The dollar hovered near a two-decade high against major peers on Wednesday, ahead of a key reading on inflation that should provide clues on how aggressive the Federal Reserve will be in tightening monetary policy.
The dollar index, which measures the currency versus six rivals, was around flat at 103.92, not far from the high of 104.49 reached at the start of the week for the first time since December 2002.
The euro languished at 1.05305, continuing to trade mostly sideways since plumbing a more than five-year low at 1.04695 at the end of last month.
The yen continued to get some respite from a pause in the recent relentless rise in benchmark US Treasury yields, trading little changed at 130.40 per dollar, after dipping to a more than two-decade low of 131.35 on Monday.
Investors will be closely watching the April US consumer price index reading later on Wednesday for any signs inflation may be starting to cool, with expectations calling for a 8.1% annual increase compared with an 8.5% rise recorded in March.
After the Fed raised its benchmark overnight interest rate by 50 basis points last week, the largest hike in 22 years, investors have been attempting to assess how aggressive the central bank will be.
Markets are priced for another hike of at least 50 basis points at the central bank’s June meeting, according to CME’s Fed Watch Tool.
The greenback has climbed nearly 9% this year amid an increasingly hawkish Fed, as inflation burned hotter than policymakers had expected. Commonwealth Bank of Australia sees the risk tilted to further gains from here.
“The USD’s reaction to the CPI will be asymmetrical in our view,” CBA currency strategist Joseph Capurso wrote in a client note.
“A positive surprise will encourage markets to increase pricing for a 75 (basis point) increase in the Funds rate later in the year and support the USD, while a negative surprise will keep pricing for 50 bp increases in June and July intact and leave the USD steady.”

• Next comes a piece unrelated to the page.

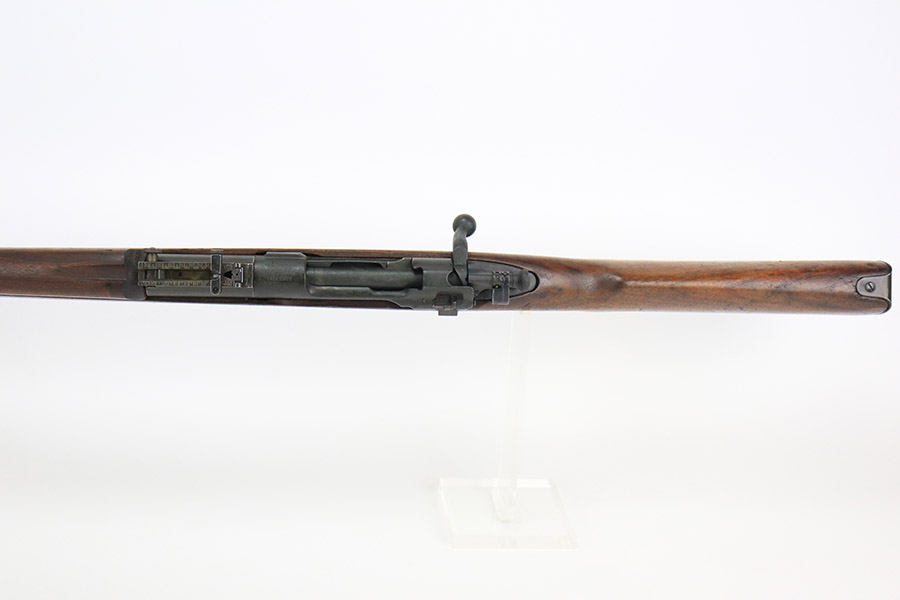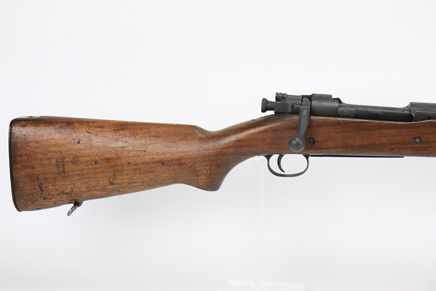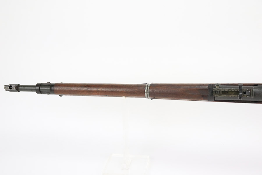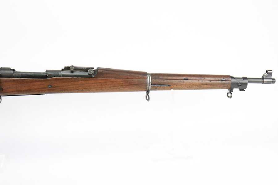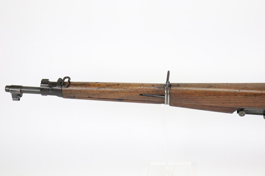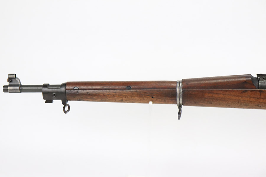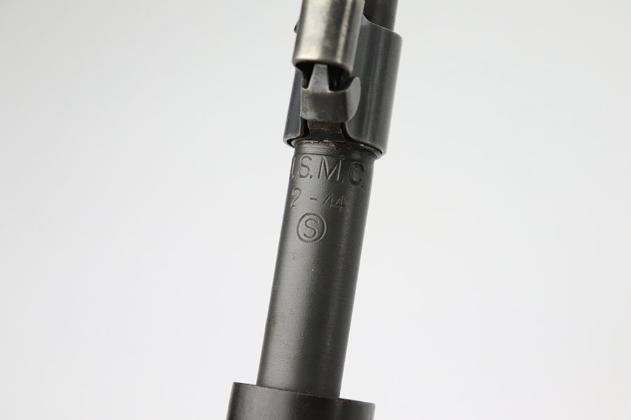 11/18/22 – This is a nice example of a Rock Island Arsenal Model 1903 rifle that was originally issued to the US military in 1918 and later reworked for use during WW2. This particular gun has some US Marine Corps attributes, such as the punch next to the serial number on the receiver, hatcher hole on the left side of the receiver, and a February 1944-dated USMC barrel. However, there has been much debate in the collector community as to the authenticity of these barrels and markings. So we cannot say for sure that this is a USMC-issued gun. In any case, the gun has been parkerized, and there is very little actual finish loss. There are some minor scuffs on the receiver and floor plate / trigger group and some minor wear around the outer edges of the butt plate. Thinning on the rear barrel band (likely replaced). The wood stock has a very faint cross-canon cartouche near the left side of the receiver and a “3371” number on the right side of the butt stock. There is no major damage to the stock, but there are tiny dings and scratches throughout and a few tiny chips around the wrist. Mint bore. Comes with a front sight hood.

The euro “remains heavy” above $1.05, he wrote, and a strong CPI print could push the Australian dollar below $0.69.
The Aussie ticked up 0.17% to $0.6951 on Wednesday,but not bouncing much from the 22-month trough of $0.6911 touched on Monday.
Sterling also struggled near a 22-month low at $1.2262 from the start of the week, last trading flat at $1.2323.
Bitcoin nursed its wounds after dropping to the cusp of $30,000 this week for the first time since July of last year, changing hands at $30,758.92.